◆ **Material to process**
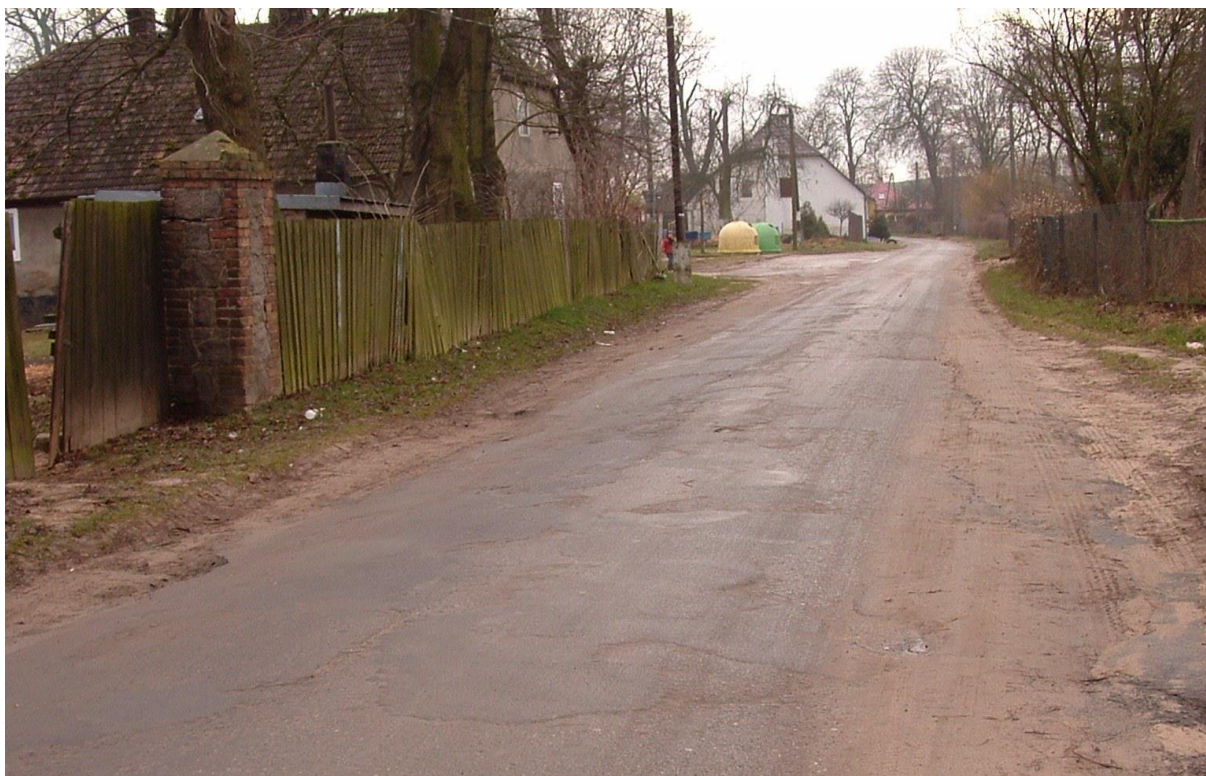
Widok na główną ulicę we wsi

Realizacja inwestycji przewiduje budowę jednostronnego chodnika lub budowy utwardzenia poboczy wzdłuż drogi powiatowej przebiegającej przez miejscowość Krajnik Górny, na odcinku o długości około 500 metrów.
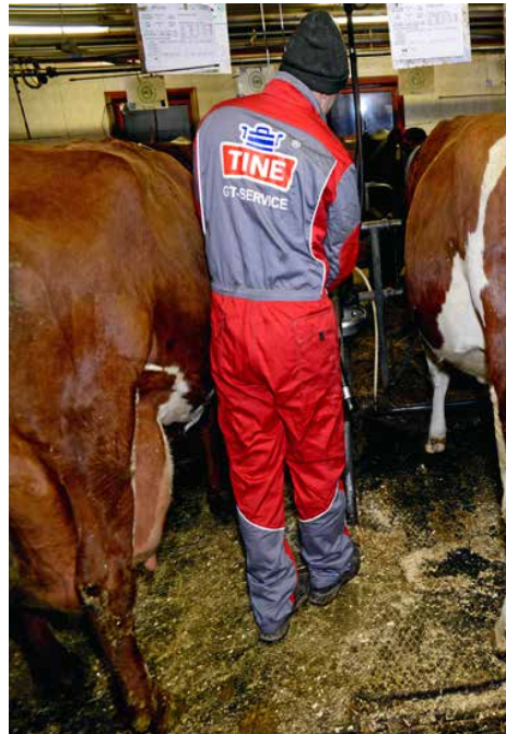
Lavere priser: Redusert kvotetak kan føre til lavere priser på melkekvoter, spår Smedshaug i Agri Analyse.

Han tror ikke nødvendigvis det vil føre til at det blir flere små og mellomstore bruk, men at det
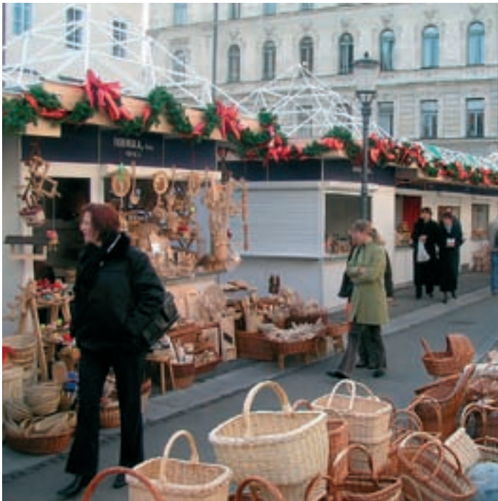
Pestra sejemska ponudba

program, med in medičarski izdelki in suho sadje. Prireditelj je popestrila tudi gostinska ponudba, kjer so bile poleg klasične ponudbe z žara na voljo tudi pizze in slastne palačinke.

--

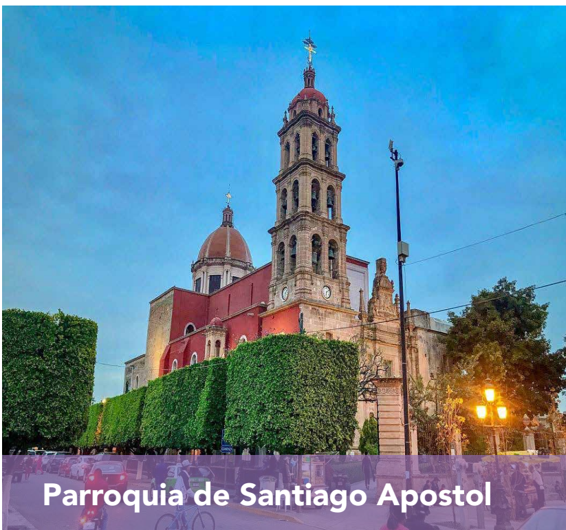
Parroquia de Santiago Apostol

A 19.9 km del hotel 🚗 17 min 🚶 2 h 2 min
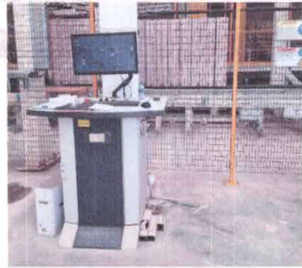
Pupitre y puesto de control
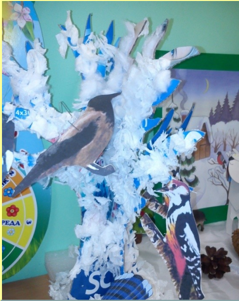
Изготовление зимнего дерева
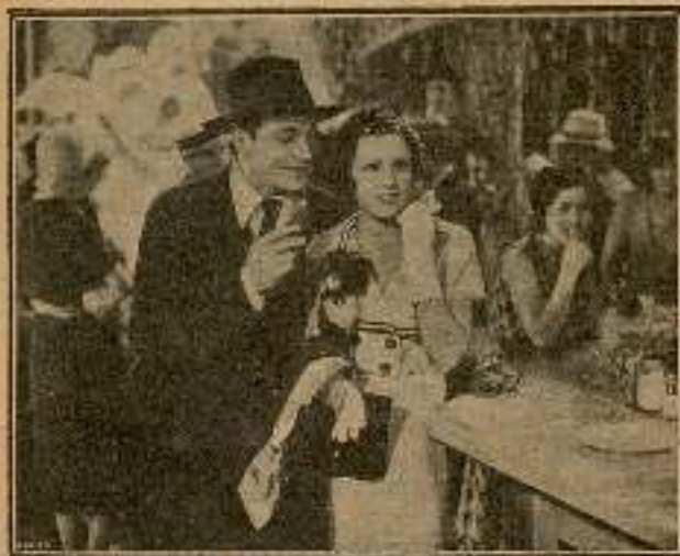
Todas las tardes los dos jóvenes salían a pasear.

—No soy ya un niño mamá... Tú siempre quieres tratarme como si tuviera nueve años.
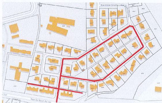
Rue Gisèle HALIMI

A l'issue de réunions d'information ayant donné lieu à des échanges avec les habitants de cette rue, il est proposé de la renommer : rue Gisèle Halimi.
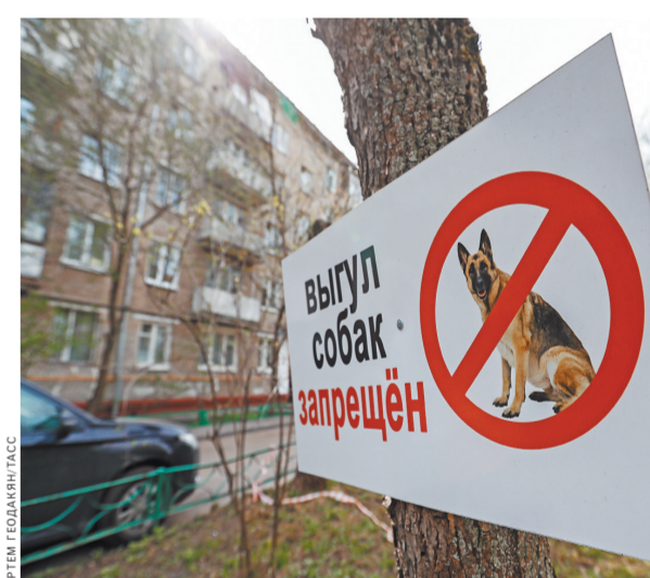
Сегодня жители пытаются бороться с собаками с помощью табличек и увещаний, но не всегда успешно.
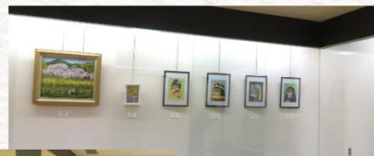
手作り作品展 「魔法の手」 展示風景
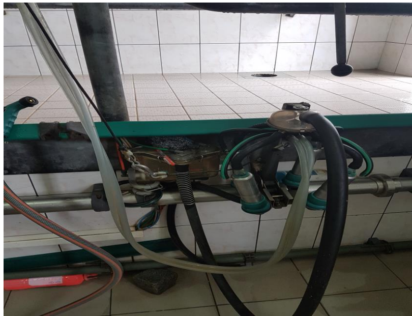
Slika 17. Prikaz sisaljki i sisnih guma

◆ **What you will do**
In the data above, find the line containing "Lavere priser: Redusert" and the line containing "program, med in". Copy exactly the stretch from the first through the second, both included, leaving out any picture.

◆ **Answer to the problem**
Lavere priser: Redusert kvotetak kan føre til lavere priser på melkekvoter, spår Smedshaug i Agri Analyse.

Han tror ikke nødvendigvis det vil føre til at det blir flere små og mellomstore bruk, men at det
Pestra sejemska ponudba

program, med in medičarski izdelki in suho sadje. Prireditelj je popestrila tudi gostinska ponudba, kjer so bile poleg klasične ponudbe z žara na voljo tudi pizze in slastne palačinke.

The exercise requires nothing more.